Warum die Deutschen nicht grillen können
Kultur Autor Stevan Paul liest Amüsantes aus „Monsieur, der Hummer und ich“
Seine 47. Lesung führte ihn nach Huntlosen: Stevan Paul begeisterte die Zuhörer. BILD: Peter Kratzmann 
Huntlosen - Einen Glücksgriff tat der Verein für Kunst und Kultur mit der zweiten Veranstaltung der Kulturreihe „HuntLesen“. Am Freitag begrüßte der Vorsitzende Ulrich Bühring den Autor Stevan Paul, der sein Erstlingswerk „Monsieur, der Hummer und ich“ im Rahmen einer Lesung im Restaurant „Prestige“ am Bahnhof vorstellte. Ein nicht nur heiter-amüsanter Leseabend, sondern zugleich auch Stunden der Gaumenfreuden, die die Küche des Restaurants auf vielfältige Weise zu befriedigen wusste.
„Heute bin ich fast am Ende meiner Tour angelangt, denn es ist die 47. Lesung“, erklärte Autor Stevan Paul. Der gelernte Koch, Food-Stylist und kulinarische Autor für Zeitschriften, Werbeagenturen und Verlage, zugleich auch Fernsehkoch in Punkt 12 bei RTL (von 2004 bis 2006), stellte damit seine erste Buchveröffentlichung vor, die Heiteres mit Einblicken in große und kleine Kochkunst in verschiedenen Kurzgeschichten und Begebenheiten zeigt. „Irgendwann war der Karton mit den gesammelten Geschichten voll. Da stand für mich fest, dass ich daraus ein Buch mache“, sagte der seit 16 Jahren in Hamburg lebende Autor. Der Kontakt nach Huntlosen kam eher zufällig. Paul und Bühring kannten sich über das Internetforum „Wir höflichen Paparazzi“. „Als klar wurde, dass Stevan Paul ein Buch veröffentlicht, knüpften wir die Kontakte für diesen Abend“, so Bühring.
„Der Tanz der Schlachter“ hieß die erste Geschichte des ersten Lesungteils, mit der Paul in die allabendlichen sommerlichen Grillpartys in deutschen Landen entführte. Nach einer Pause beleuchtete er die Welt der großen Köche.

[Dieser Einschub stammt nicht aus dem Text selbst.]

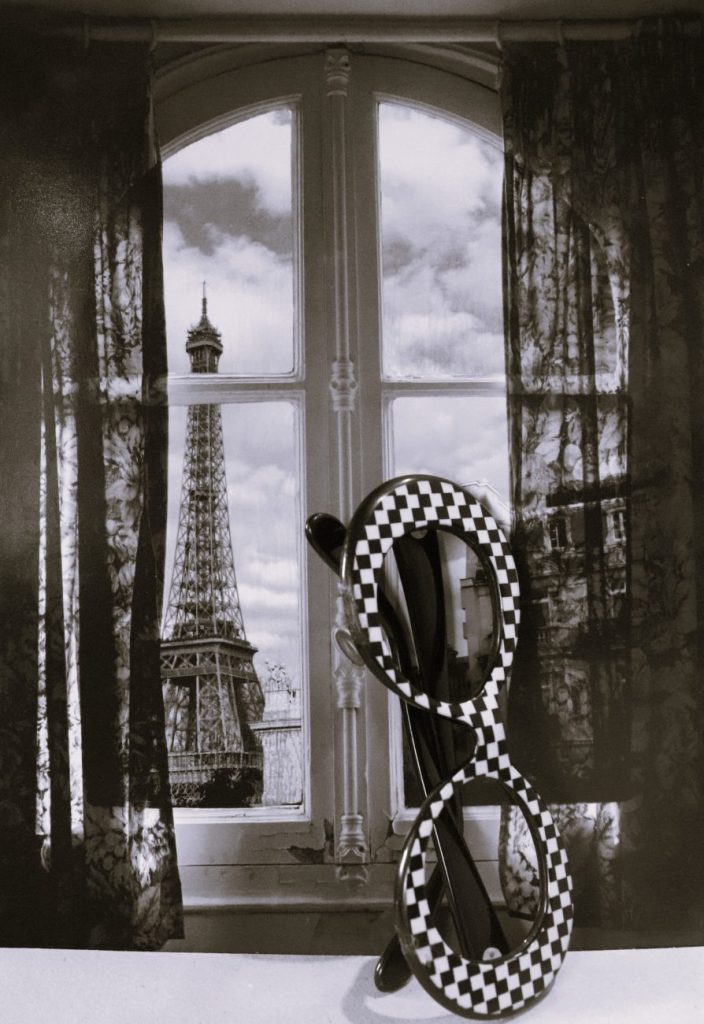 Black and White Checkered Glasses in Front of a Window and the Eiffel Tower - Printable on any material, 50 x 70 cm, $1,000

Schnell zeigte er wortgewandt am Beispiel des typischen deutschen Wurstgrillers und des griechischen Lammfleisch-Freundes auf, dass Deutsche nicht grillen können… Neun Grillsaucen für vier Bratwürste. Fast angebrannt und schnell serviert. Wenn die Glut so richtig da ist, sei der Deutsche meist schon satt. Eine amüsante Kurzgeschichte um Grillsitten und Gebräuche. Den rund 50 Zuhörerinnen und Zuhörern gefiel’s. Eine gelungene Veranstaltung.